Synopsys director for government and critical infrastructure programmes Joe Jarzombek says the US Space Force and UK Space Command need a strong focus on prevention.

“In an era of asymmetric cyberattacks, space force capabilities must have systems with hardened attack surfaces,” he says. “In space operations, seconds matter, so cyber assets must be highly reliable and have near-continuous availability.

“Relying primarily on microelectronics and software, space assets must be hardened, not just against the effects of radiation and electronic jamming, but primarily against the risk exposures attributable to exploitable software and flaws in component design that represent source vectors for attack.”

He adds that DevSecOps (development, security and operations) practices must focus on prevention by mitigating exploitable weaknesses in software before deployment and before threat actors discover the weaknesses in ground control and on-orbit assets.

Fragile networks

The focus should not be on the satellites alone but the networks they form, argues RedSeal CTO Dr Mike Lloyd, and protecting them requires humans and computers working together.

“Satellites themselves are often used in a mesh – consider GPS as one example, where each satellite alone is not enough, and it takes the power of multiple satellites working together to solve the problem,” he says. “Pilots rely on an even more precise system called WAAS, which adds a second network to the existing GPS network to increase accuracy.

“All networks share key properties: they are fragile, hard for humans to think about, and prone to lateral movement where an attacker breaches one node then spreads.
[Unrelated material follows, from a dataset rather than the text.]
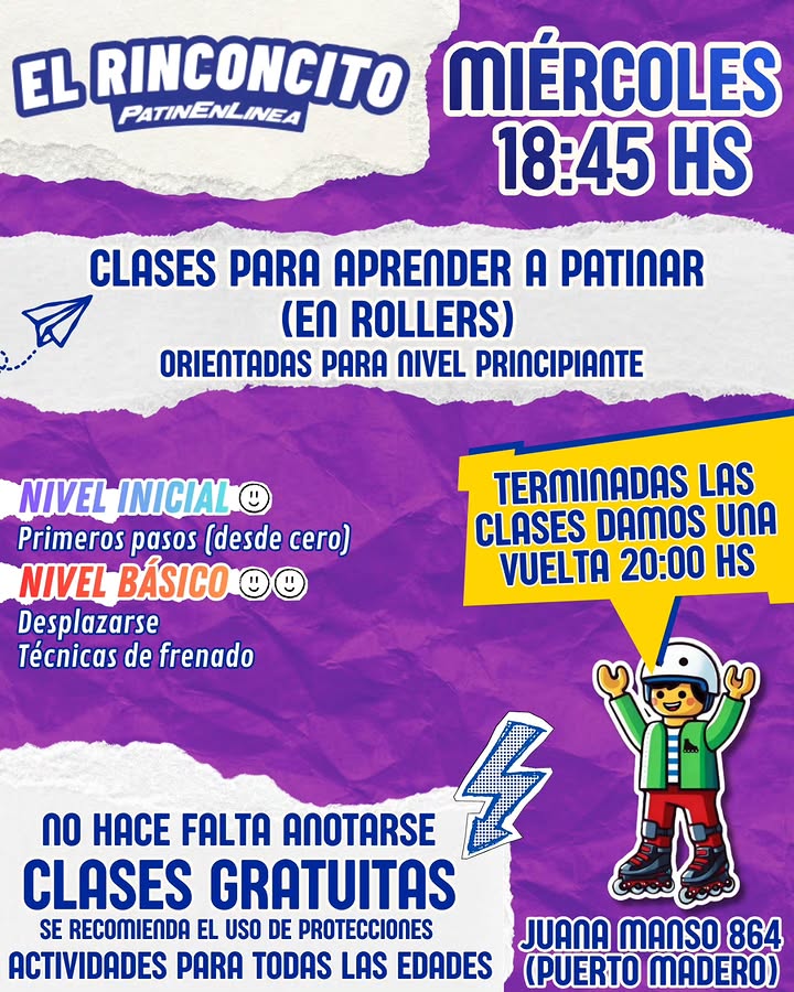 Classes to learn to skate (on rollers) aimed at beginner level. Initial level: First steps (from scratch). Basic level: Moving around. Braking techniques. After the classes we take a tour at 20:00 HS

Defending networks involves understanding networks, and we already struggle with this in terrestrial cyber warfare. It only gets harder as the networks extend off the planet’s surface.

“As the network increases in scale, it gets further and further beyond human comprehension – too many interacting parts, any one of which could be breached by an attacker and used as a foothold for further spread.

“The only way to defend a more-than-global network is to combine human strategy with machine reasoning. It’s impossible for humans to understand and map out every possible attack pathway – that requires inexhaustible attention to detail, which is something computers are good at. Computers, however, do not understand the human motivations, psychological factors or economics – humans are far better at the strategic meaning of the game.”